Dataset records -
-*-

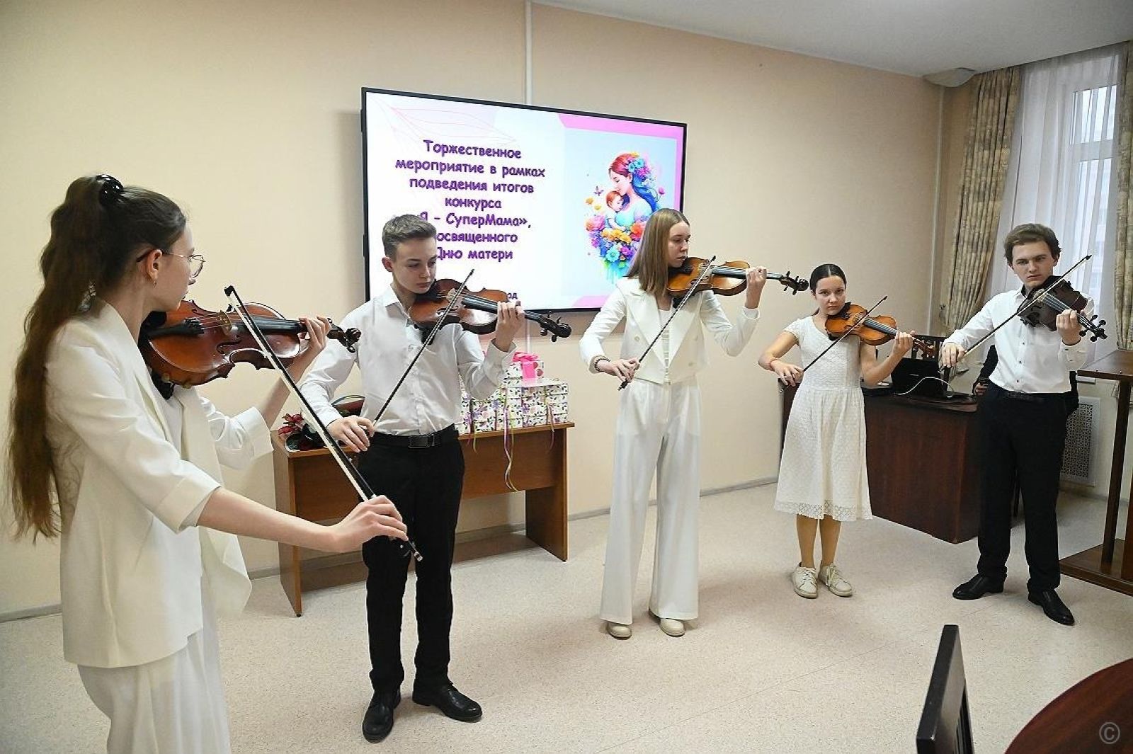 Музыкальными номерами участниц и победительниц конкурса "Я – СуперМама" поздравили юные артисты ансамбля "Жамевю".
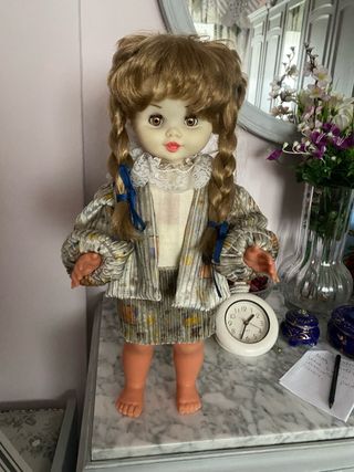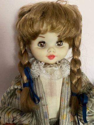 Esta muñeca antigua es una pieza de colección con un diseño encantador. - Vestido a cuadros con chaqueta. - Pelo rubio recogido en coletas. - Detalles de encaje en el cuello.lleva traje chaqueta y falda blusa mide alto 47cm
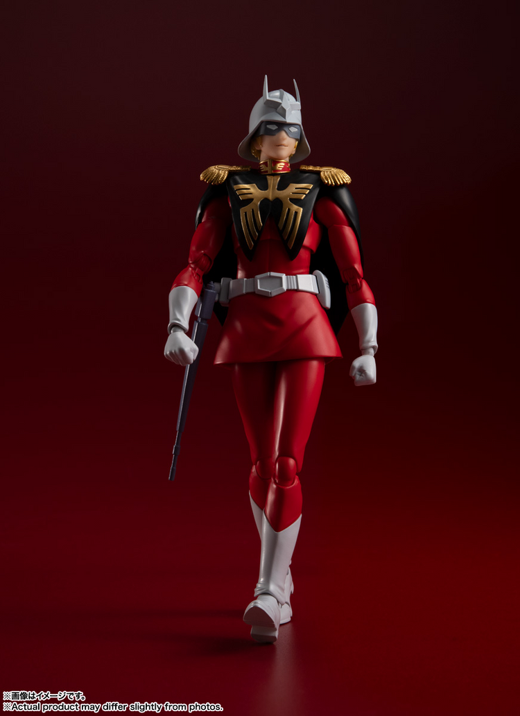 Char Aznable from "Mobile Suit Gundam," also known as the Red Comet, is finally available in Bandai's "S.H.Figuarts" series! The movable gimmicks have been carefully crafted to recreate Char's famous scenes while pursuing beautiful proportions! A wide range of poses can be recreated with the abundant interchangeable parts. Flexible shoulders and a pull-out mechanism in the hips allows for natural sitting poses, and dynamic action poses are possible with the included beam gun! A Newtype effect part is included too, and a wide range of interchangeable facial expressions and hands are included too.
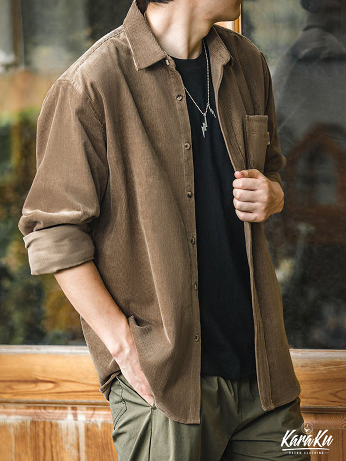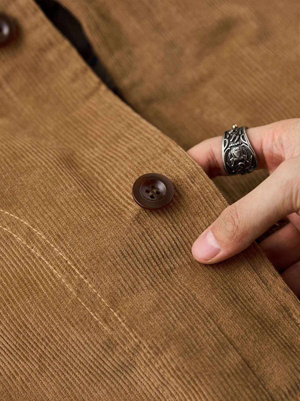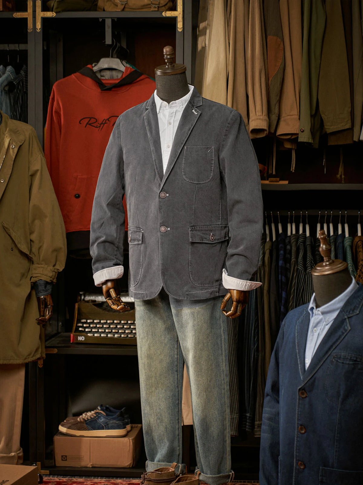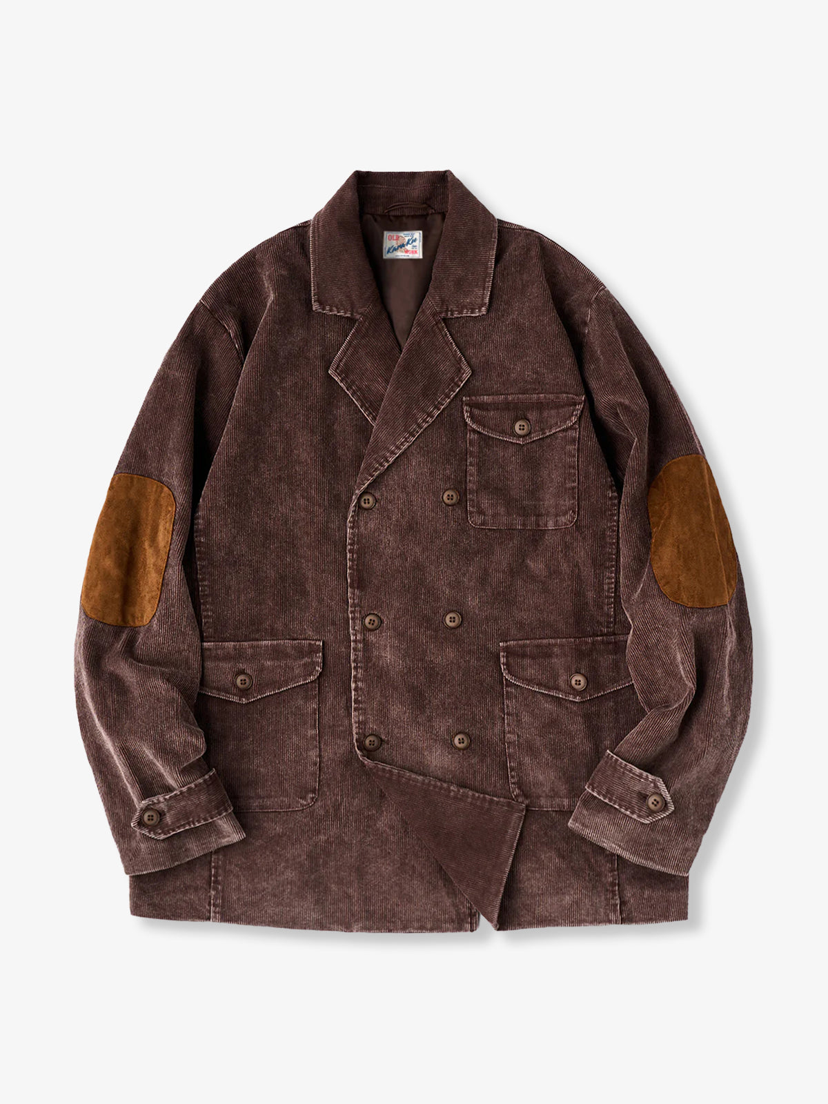 Elbow Suede Patches Washed Corduroy Tailored Jacket
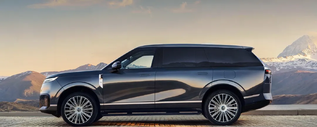 侧面:悬浮式车顶+隐藏式门把手,搭配21/22英寸多辐轮毂(可选22英寸鸳鸯胎),四门电动吸合+智能开合,上下车优雅便捷。
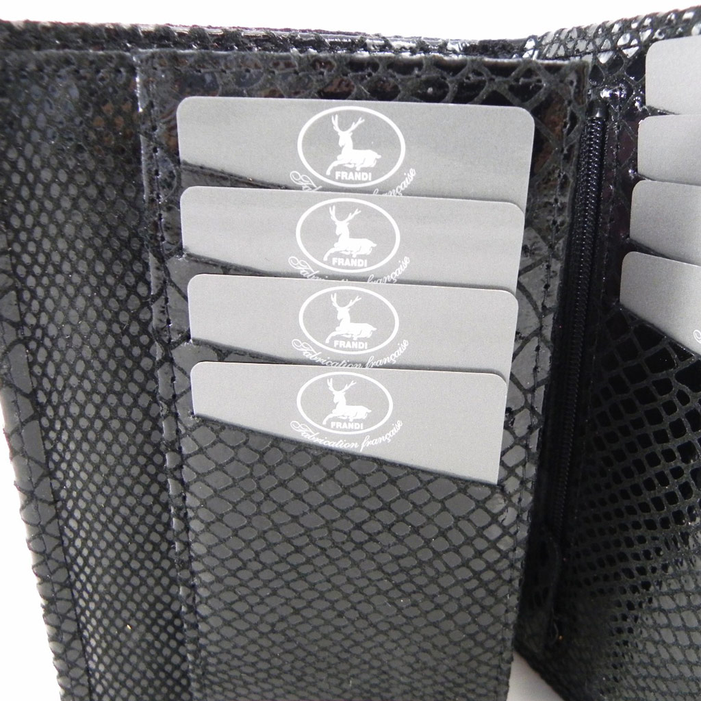 Portefeuille Cuir 'Frandi' noir (motif python) - Frandi
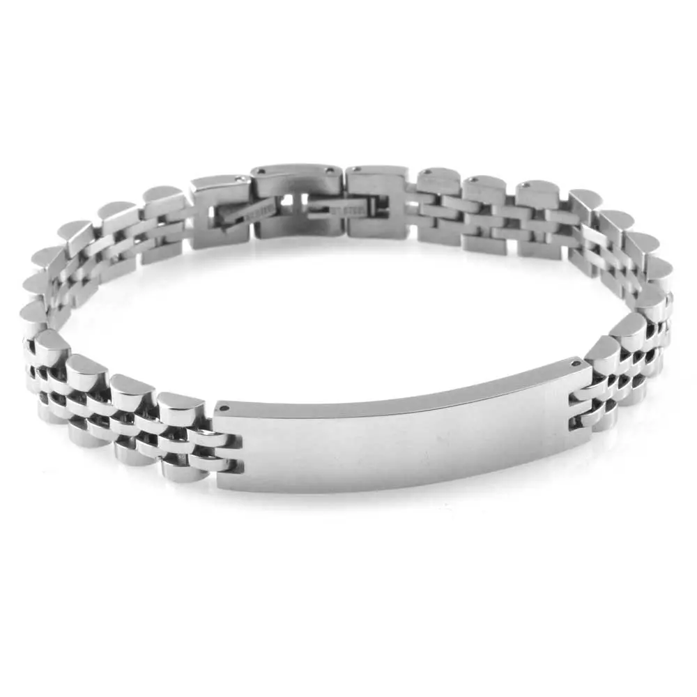 Bracciale uomo piastra acciaio maglia jubilee possibilità di personalizzazione con incisione sul fronte e sul retro lungo cm 21 largo mm 10
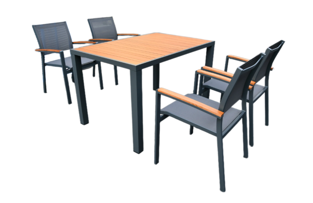 Transform your outdoor space into a stylish, comfortable dining area with the Atlas 1200 5pce Eucalyptus Outdoor Dining Setting. This set combines the elegance of eucalyptus with the durability of aluminum, providing both sophistication and practicality for your patio, garden, or balcony.
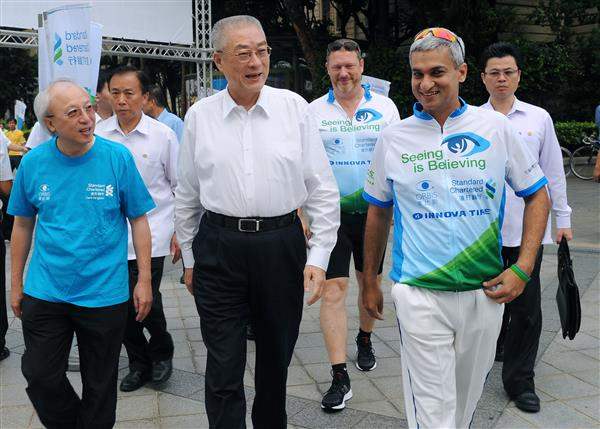 副總統並與黃裕翔、行政院體委會副主委陳雲蓮、「渣打國際商業銀行」總經理康暉杰(Ajay Kanwal)及「臺灣奧比斯基金會」董事長蔡瑞芳等一起為「光明騎士」打氣送行,預祝旅程順利成功。

-*-

WHAT THE EXERCISE ASKS - Before answering, find the line with "Esta muñeca antigua" in the records above; then reproduce exactly each line from the first through that line, leaving out pictures.

TASK OUTPUT -
 Музыкальными номерами участниц и победительниц конкурса "Я – СуперМама" поздравили юные артисты ансамбля "Жамевю".
 Esta muñeca antigua es una pieza de colección con un diseño encantador. - Vestido a cuadros con chaqueta. - Pelo rubio recogido en coletas. - Detalles de encaje en el cuello.lleva traje chaqueta y falda blusa mide alto 47cm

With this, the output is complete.